Pipeline(steps=[('poly_features', PolynomialFeatures(degree=3)),
                ('scaler', StandardScaler()),
                ('svm_clf', LinearSVC(C=10, loss='hinge'))])

In [9]:
poly_kernel_svm_clf = Pipeline([
    ("scaler", StandardScaler()),
    ("svm_clf", SVC(kernel="poly", degree=3, coef0=1, C=5))
])

poly_kernel_svm_clf.fit(X, y)

Pipeline(steps=[('scaler', StandardScaler()),
                ('svm_clf', SVC(C=5, coef0=1, kernel='poly'))])

Gaussian RBF Kernel
---

In [10]:
rbf_kernel_svm_clf = Pipeline([
    ("scaler", StandardScaler()),
    ("svm_clf", SVC(kernel="rbf", gamma=5, C=0.001))
])

rbf_kernel_svm_clf.fit(X,y)

Pipeline(steps=[('scaler', StandardScaler()),
                ('svm_clf', SVC(C=0.001, gamma=5))])

As a rule of thumb, we should always try LiearSVC first, especially if the trainig set is very large and have multiple features.
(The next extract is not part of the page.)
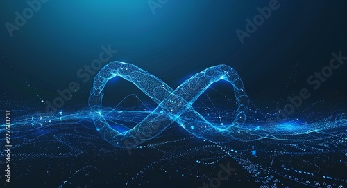 Eervisor of data visualization, infinity symbol made from dots and lines, dark blue background, data science theme, infinity sign, infinite technology concept
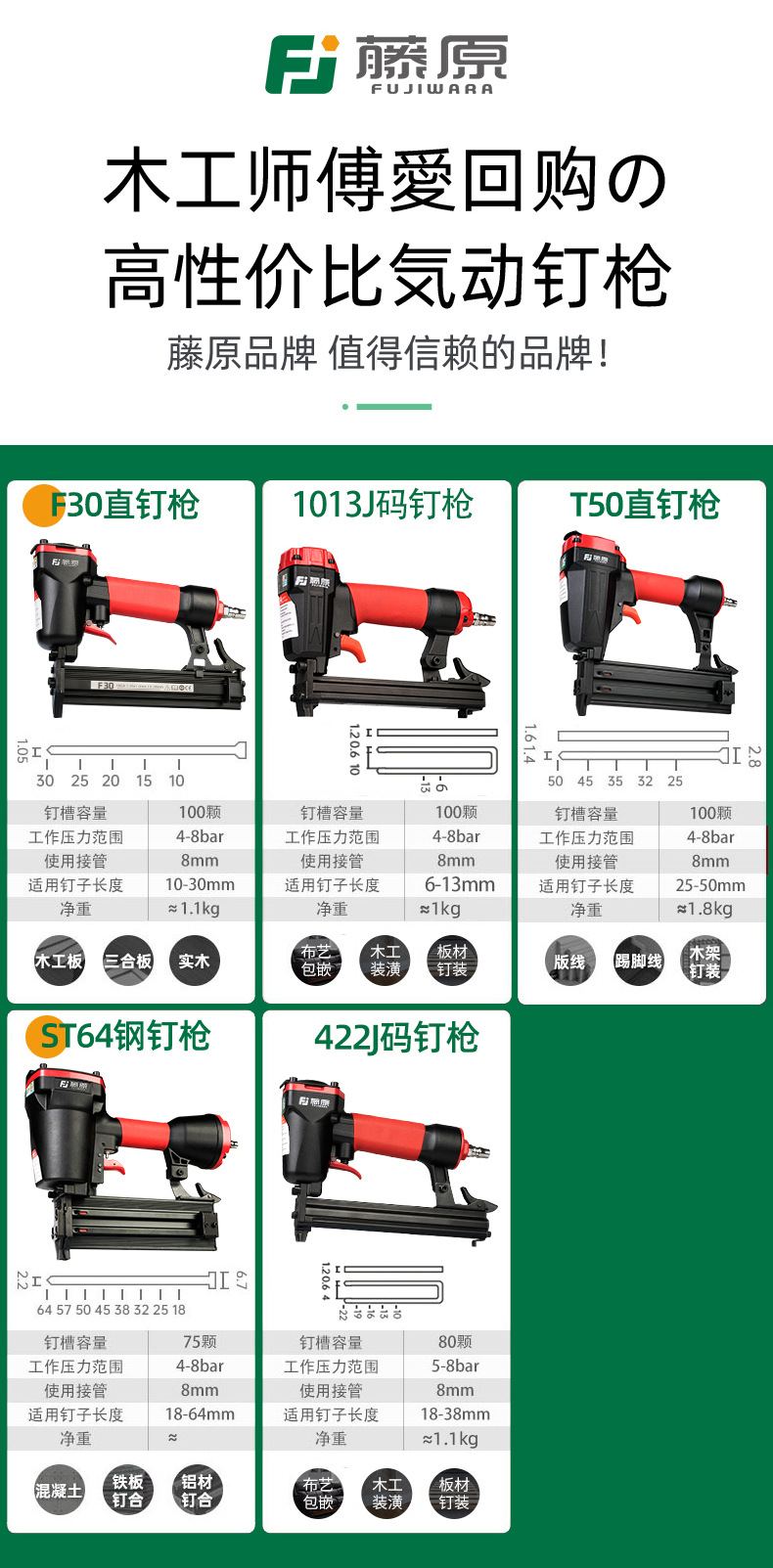 후지와라 에어 네일 건 f30 스트레이트 네일 건 t50 스트레이트 네일 건 st64 스틸 네일 건 422j 코드 네일 건 목공 공압 도구

If it's not too large we should try GaussianRBF Kernel.

| Class | Time Complexity | Out-of-core Support | Scaling Required | Kernel Trick |
|  :---: |  :---:  |  :---:  |  :---:  |  :---:  |
| LinearSVC | O(mxn) | No | Yes | No |
| SGDClassifier | O(mxn) | Yes | Yes | No |
| SVC | O($m^2$xn) to O($m^3$xn) | No | Yes | Yes |

SVM Regression
---
It is possible to use SVM not only for classification but also for Regression, by not finding the largest street possible, but trying to fit as many instances possible in the street with minimal margin violation 

In [13]:
from sklearn.svm import LinearSVR, SVR
svm_reg = LinearSVR(epsilon=1.5) # Tolerance or margin for the regression
svm_reg.fit(X, y)

LinearSVR(epsilon=1.5)

To tackle nonlinear Regression we can use SVM with non linear Kernel

In [15]:
svm_poly_reg = SVR(kernel="poly", degree=2, C=100, epsilon=0.1)
svm_poly_reg.fit(X, y)

SVR(C=100, degree=2, kernel='poly')